Pink Window of Time, 29 x 32 cm

I returned in the wee hours on Friday, September 3 after a 7 week stint in Italy at the Certosa di Pontignano just outside of Siena, and since then I have been able to improve my website and post new images. Though most of my time in Italy was taken up by things other than art and painting, I did manage to begin close to 30 paintings, all on linen, though many of these are “failures” that will become the underpaintings for others in the future. As much as I might appreciate the quick, rapid sketch, I also enjoy the challenge of returning to a theme again for further contemplation, allowing it to become a greater niche in my thought process. So some of these images here are very quick and not so big, while with others I was able to at least get a second session with it. The painting above, for example, was something I came across when going to answer the phone. That pink light coming in from the window lasts no longer than 5 minutes each evening before sunset, so I tried getting back to it a few days in a row. The painting below instead was another view I came across in my room when the entire Certosa lost power in a massive thunderstorm. I was struck by the reflection on the floor, the blast of white and the inclusion of a television, and I was forced to paint very quickly before the lights came back on an hour later.

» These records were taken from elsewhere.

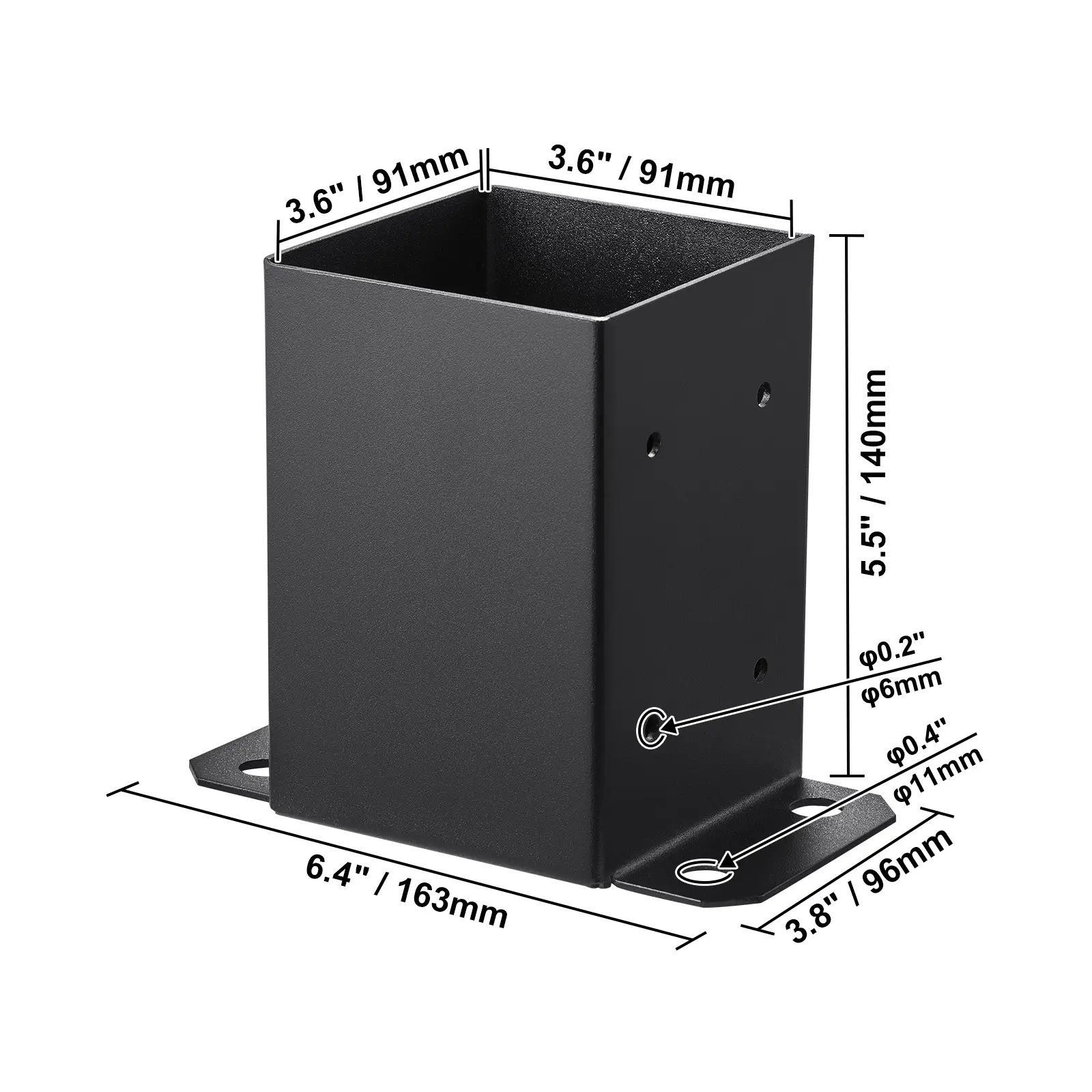 • Sturdy Support: Each individual post base measures 3.8x5.5x6.4 inches / 96x140x163mm, with a quantity of 4 pieces. The inner dimensions of the column base are 3.6x3.6 inches. Recommended for use with 3.5x3.5 inch columns, these connectors feature a full wrap structure design, providing secure and effective support without wobbling.
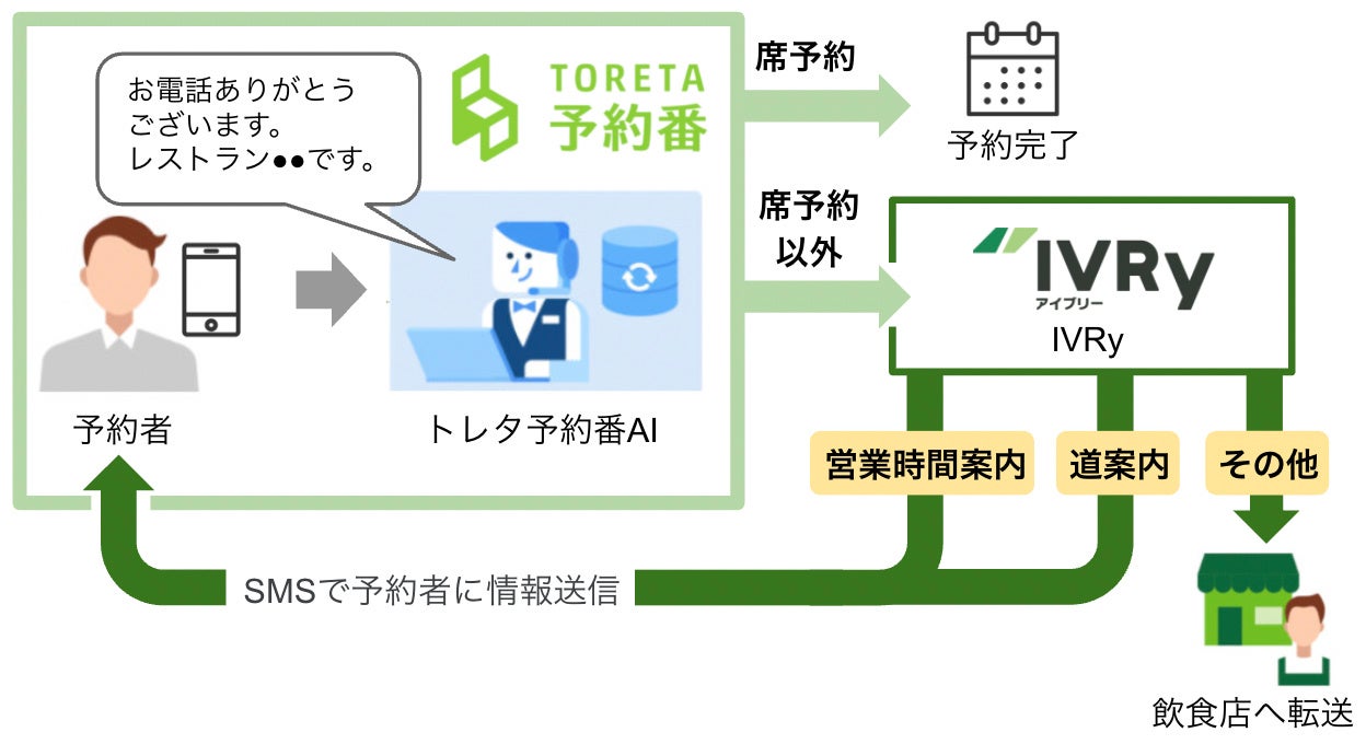 予約者からの電話を「トレタ予約番」のAIが自動で24時間365日対応します。AIは予約者との自然な会話で新規の席予約を受け付けます。また、予約者が営業時間の確認や道案内を希望する場合は「IVRy」に転送し、希望の情報を予約者にSMSで送信します。飲食店に転送設定することも可能ですので、必要とするお客さまにはより丁寧な対応も提供できます。
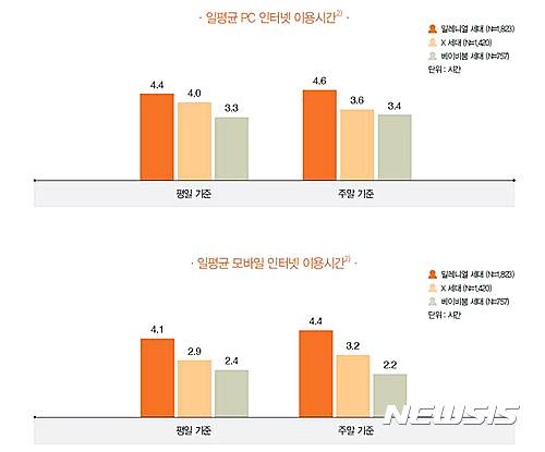 【서울=뉴시스】김종민 기자 = 1980년대 초부터 2000년대 초반 출생한 '밀레니얼 세대(millenials)'는 기존 세대들이 모든 세대를 통틀어 인터넷 이용시간이 가장 길었으며, 특히 모바일 기기를 통한 인터넷 이용시간이 다른 세대에 비해 1.4배 이상 많은 것으로 나타났다.
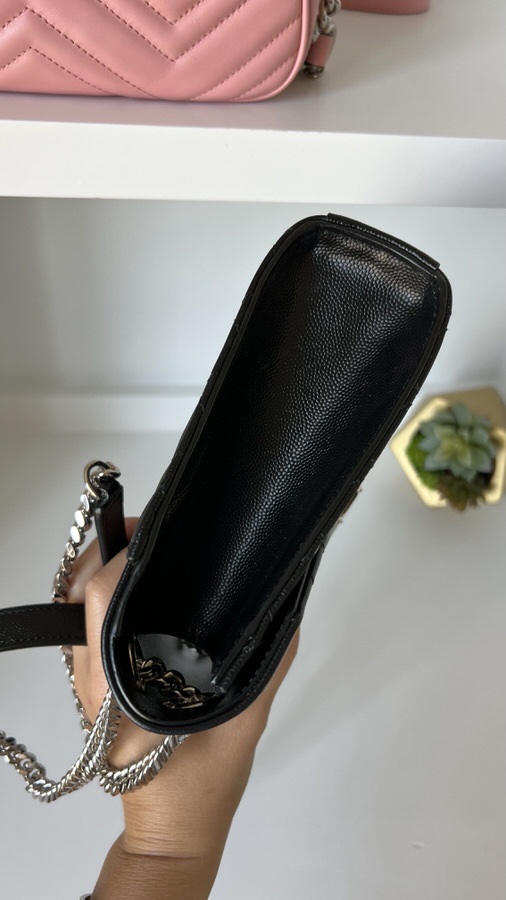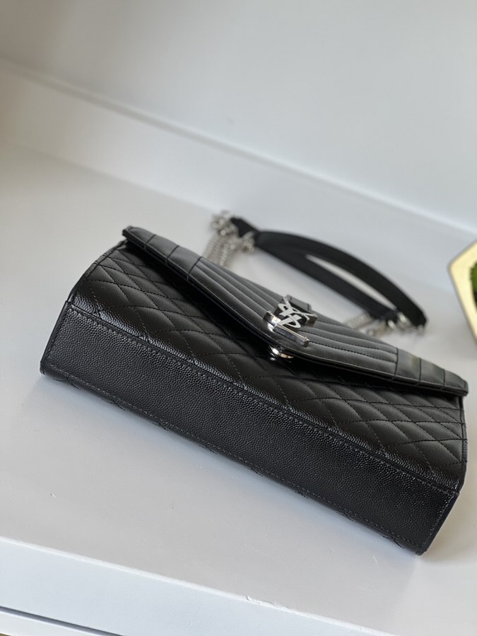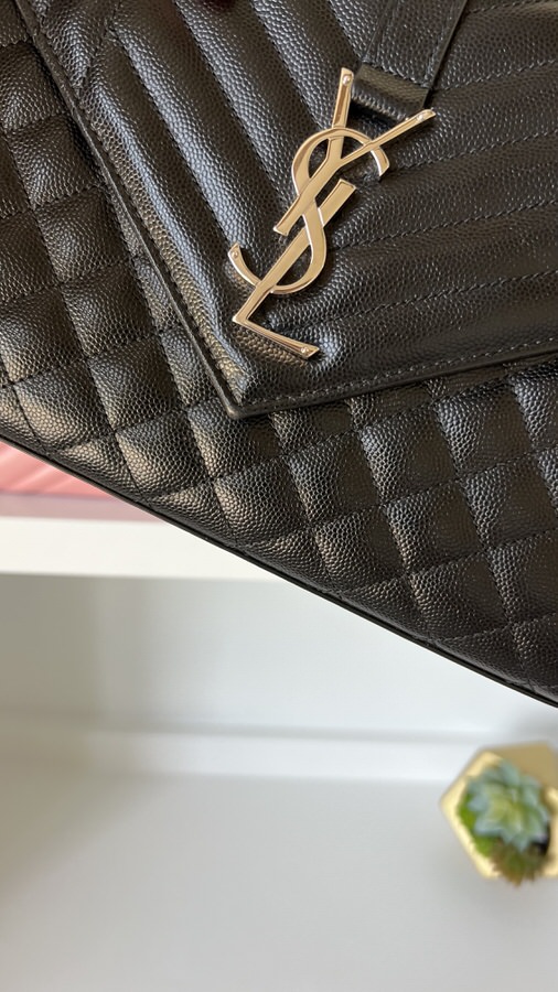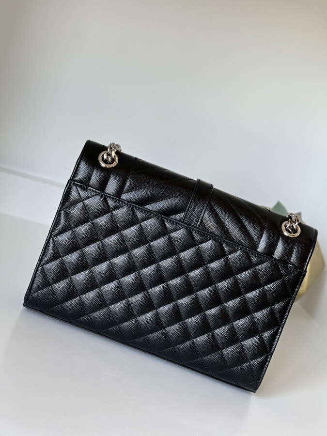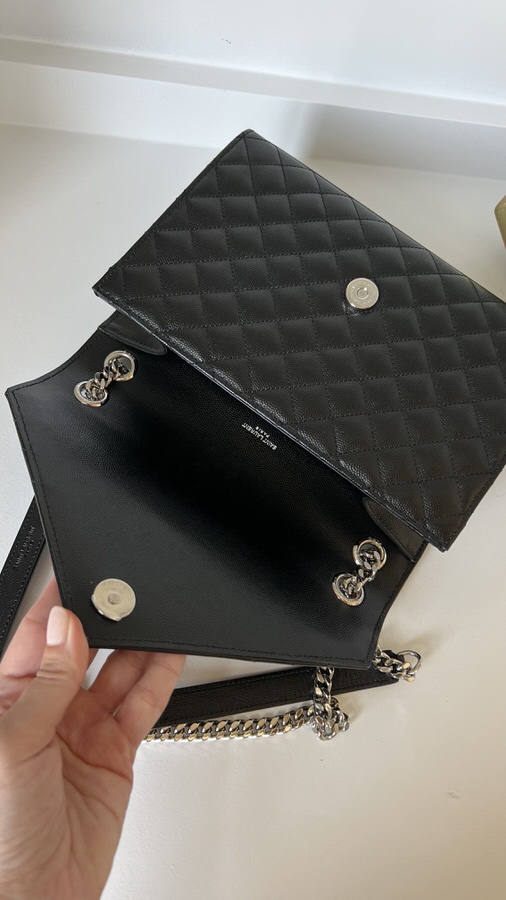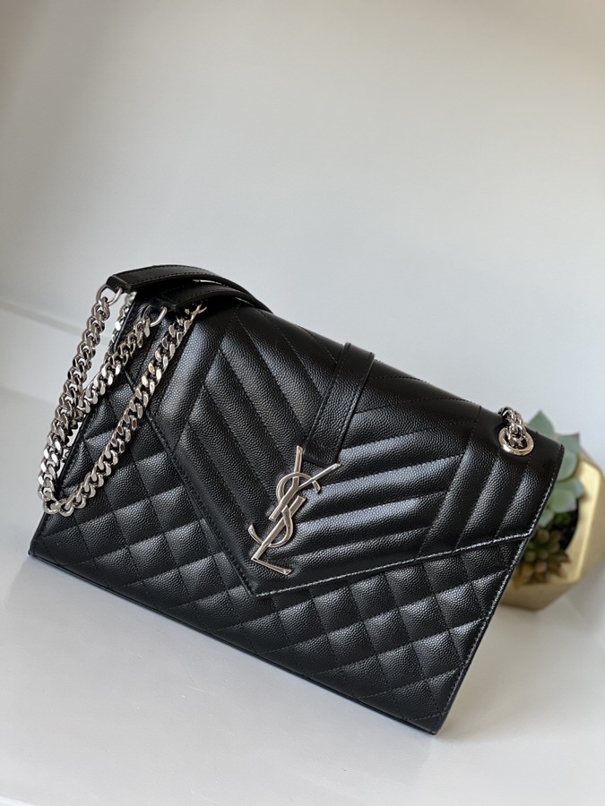 YSL Medium Envelope Black Silver Hardware

Approaching of the Storm, 16 x 25 cm


Closet, 35 x 48 cm


Pink Journal and Paper Bag, 33 x 40 cm

I suppose one might think that a long stay in Italy would involve numerous landscapes or street scenes, but after my enduring plunge into domestic chaos and focus on the beauty in the mundane, even in luscious Italy I stayed away from painting the rolling hills of Chianti. I preferred coming across pink journals and paper bags. Still, I did venture outside a few times.


Blue Clouds, 16 x 25 cm


Afternoon View, 16 x 25 cm


Arch Study, 30 x 42 cm

But I kept returning to my room, where things seemed to change constantly with the flux of the days:


Amber Wall, 30 x 43 cm


Pillows, 16 x 25 cm

And the following are some other quick, unfinished sketches, which may hold something that can be resolved (but probably not):

About 2 weeks before returning to Israel, I began to think about my dilemma as an artist, about what it is I want to paint and what I don’t. As much as I would love to move often and walk into new places of transit to find new chaos and stories unfolding, it is hardly practical. And then the solution dawned on me, and I am extremely thrilled to get into this whole new world of works. And there will be no need to change countries, houses or furniture. What bliss.